在C中比较双重值与EPSILON的精度 [英] precision of comparing double values with EPSILON in C
问题描述
执行从struct CSV D获取2个数组(column1和column2)的函数,并从中绘制图形。
Doing function that takes 2 arrays (column1 and column2) from struct CSV D and plots the graph from it.
想法是找到每个的最大值,最小值阵列,然后在 min-EPSILON 和 max + EPSILON 之间的距离范围在600个相等的区域,其中 EPSILON = 10 ^( - 6)
Idea is to find max, min values of each array, then break range between min−EPSILON and max+EPSILON in to 600 equal regions, where EPSILON = 10^(−6)
问题是该函数不能正确绘制最低行,我认为比较数组中的值与 min-EPSILON 的问题是不确定的。请指导。
Problem is that function does not plot the lowest line properly, I think the issue is when comparing the value from array with min-EPSILON, not sure.
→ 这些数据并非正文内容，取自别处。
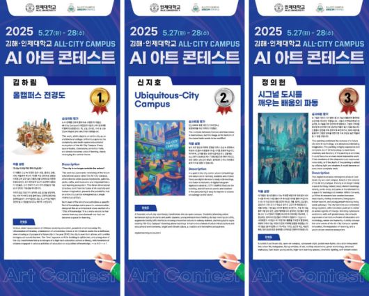 글로컬대학사업본부는 전 세계 청년 창작자들이 참여한 'AI 생성 아트 콘테스트'를 개최한다. 'All-City Campus'를 주제로 AI로 제작한 이미지 작품 20점을 27일과 28일 대학 본관 로비에 전시해 기술과 예술을 결합한 창의 콘텐츠를 선보인다.
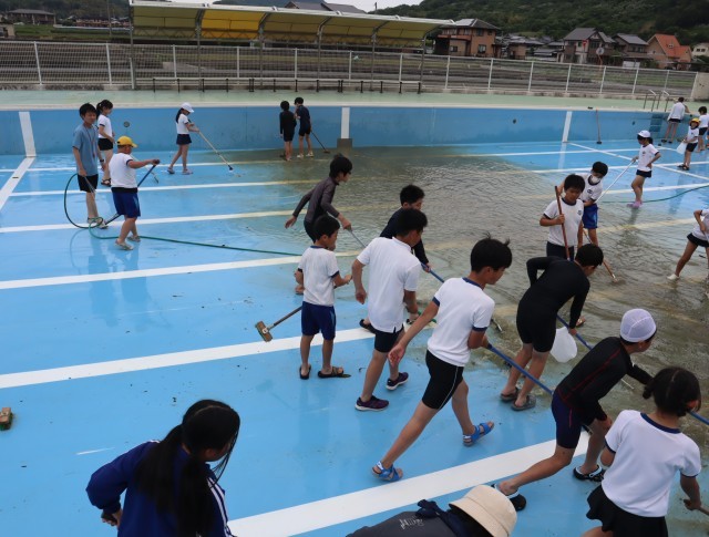 4年生が小プールを、5,6年生が大プールと更衣室を担当しました。
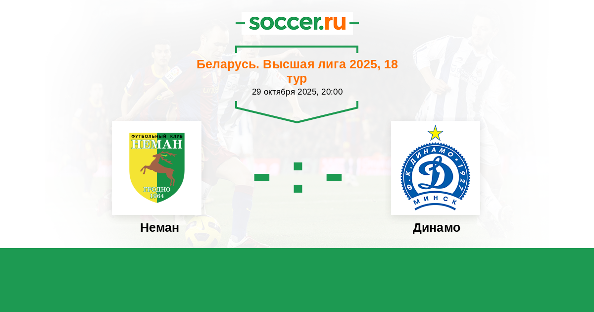 Беларусь. Высшая лига 02.09.2018 Динамо Логотип футбольный клуб Динамо (Минск) 1:0 Логотип футбольный клуб Неман (Гродно) Неман
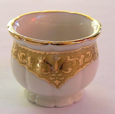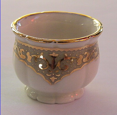 Plant pot cover, 22mm tall - Navy blue and real gold border.£5.99
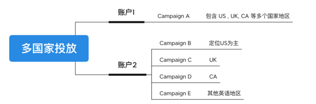 除了素材的测试以外,对于多国家的投放,是放在一个系列里面投放好呢,还是分国家分开多系列进行投放比较好呢?这也属于在账户框架搭建之初会面临的问题。
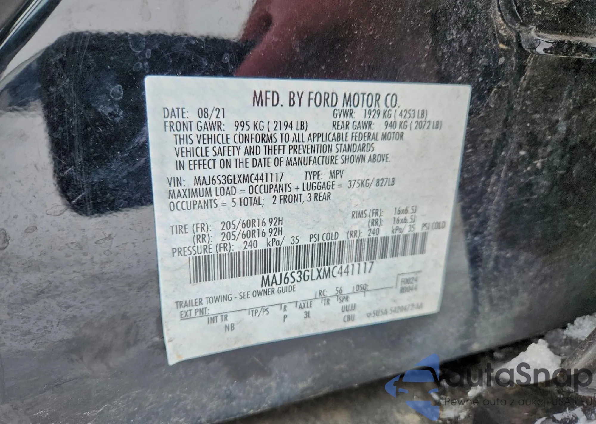 • VIN MAJ6S3GLXMC441117
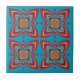 Bright and colorful tiled geometric pattern using a psychedelic color palette.

Please advice.
这是我的代码。
void
do_plot(CSV *D, int column1, int column2) {
#define Y_REGIONS 600
#define X_REGIONS 600
#define EPSILON 0.000001
int col1=column1-1; //since indexing in C language starts from 0, to be more user friendly values increased by 1
int col2=column2-1;
double min_y = D->values[0][col1]; //min val of column
double max_y = D->values[0][col1]; //max val of column
double min_x = D->values[0][col2]; //min val of column
double max_x = D->values[0][col2]; //max val of column
int i=0,j=0,k=0; //iteration variables
double interval_x, interval_y; //region
int counter; //counts how many elements of "col1" and "column2" are in bucket
int plotval; //plotted value
double upper_bound_y[Y_REGIONS+1],lower_bound_y[Y_REGIONS+1]; //arrays for lower and upper bounds of regions in y (added extra 1 not to run out of regions)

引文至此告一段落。